Fodder crops in South Africa
In South Africa, where the Border Cave is located, the fodder crop harvested area was at 250,000 hectares (ha) in 1980 and declined to 245,000 Ha in 1990 and eventually 220,000 Ha in 2000. In the Central inland plateau region, the dominant taxa are Themedatriandra and Eragrostis curvula, popularly known as the weeping love grass. In the dry western region, the dominant taxa are Eragrostis ehmanniana, E. obtusa , and Stipagrostisobtusa. There are other regions within the grassland biome, including the eastern inland plateau, eastern lowlands, and the eastern mountains and escarpment.

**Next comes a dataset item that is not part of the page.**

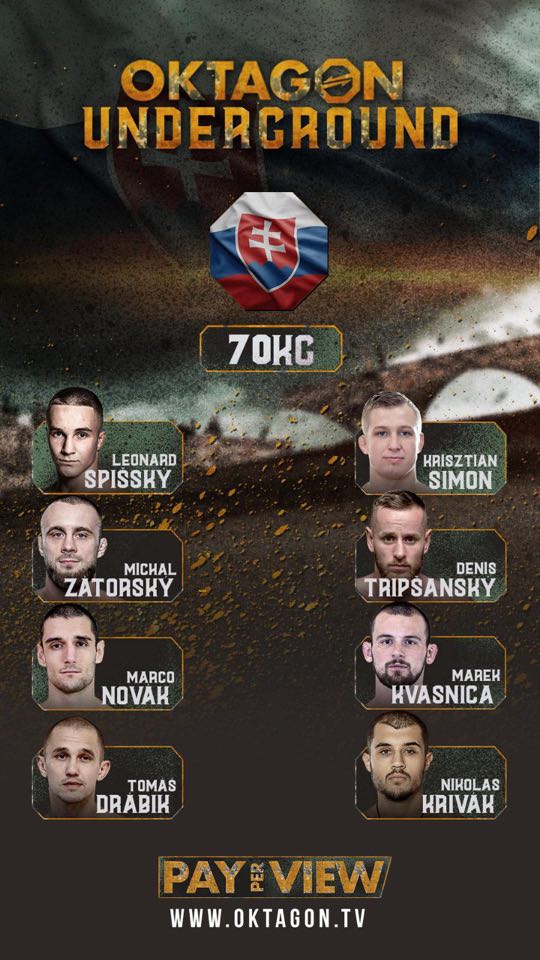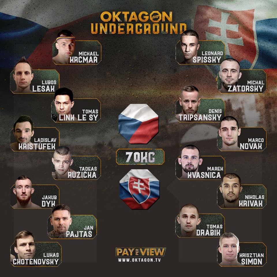 V pyramíde do 70 kg sa postupne vyraďovacím systémom stretne 8 slovenských a 8 českých bojovníkov. Podľa promotéra organizácie Ondreja Novotného je to predovšetkým mix mladého talentu, ale nechýbajú ani skúsení šampióni a veľké mená.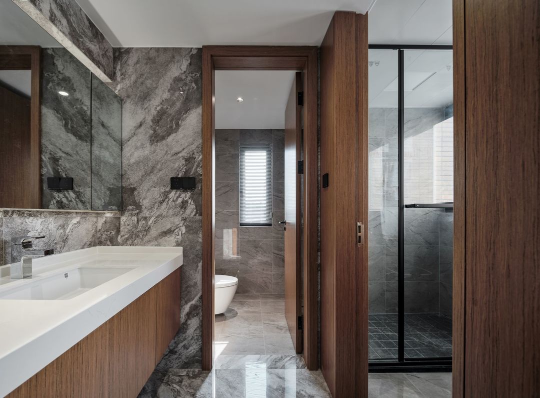 卫生间的三分离实现了安全性强,减少因水花四溅地面积水而滑倒的可能性,提高卫生间实用效率,便于多人同时使用,而且能够隔绝气味和湿气,还可以延长设备使用寿命。简约的卫生间干区,壁挂马桶等处处都呈现出对生活细节的推敲。

In August 2012, Francesco d’Errico from the Université de Bordeaux and team also conducted a reanalysis of the organic artifacts from the Border Cave. They found that the Early Later Stone Age inhabitants of the cave used notched bones for notational purposes. In semiotics and linguistics, a notation is a system of symbols or graphics and characters and abbreviated expressions to represent technical facts.
d’Errico and team added that said inhabitants of the Border Cave also used bone, bone awls, and wooden digging sticks. All these things point to those used by the San hunter-gatherer. The San people are also known as the Bushmen, which are members of various indigenous hunter-gatherer groups that are the first nations of Southern Africa.
Richard G. Klein, a paleoanthropologist at Stanford University, told the New York Times that the 2012 study by the Université de Bordeaux researchers supports his view that fully modern-hunter-gatherers emerged in Africa abruptly around 50,000 years ago. He is also convinced that the behavior shift or advance causes the successful expansion of modern Africans to Eurasia. Dr. Klein was not a part of either of the studies mentioned but was cited as the main editor of the main report by d’Errico.
Previous discoveries likewise reveal that other cave dwellers in South Africa were experimenting with bone and advanced stone tools, body adornment, and pigment use more than 75,000 years ago. However, many of these artifacts disappear by 60,000 years ago.
The findings of the University of the Witwatersrand researchers show that our human ancestors do know how to make pest-free and comfy beds.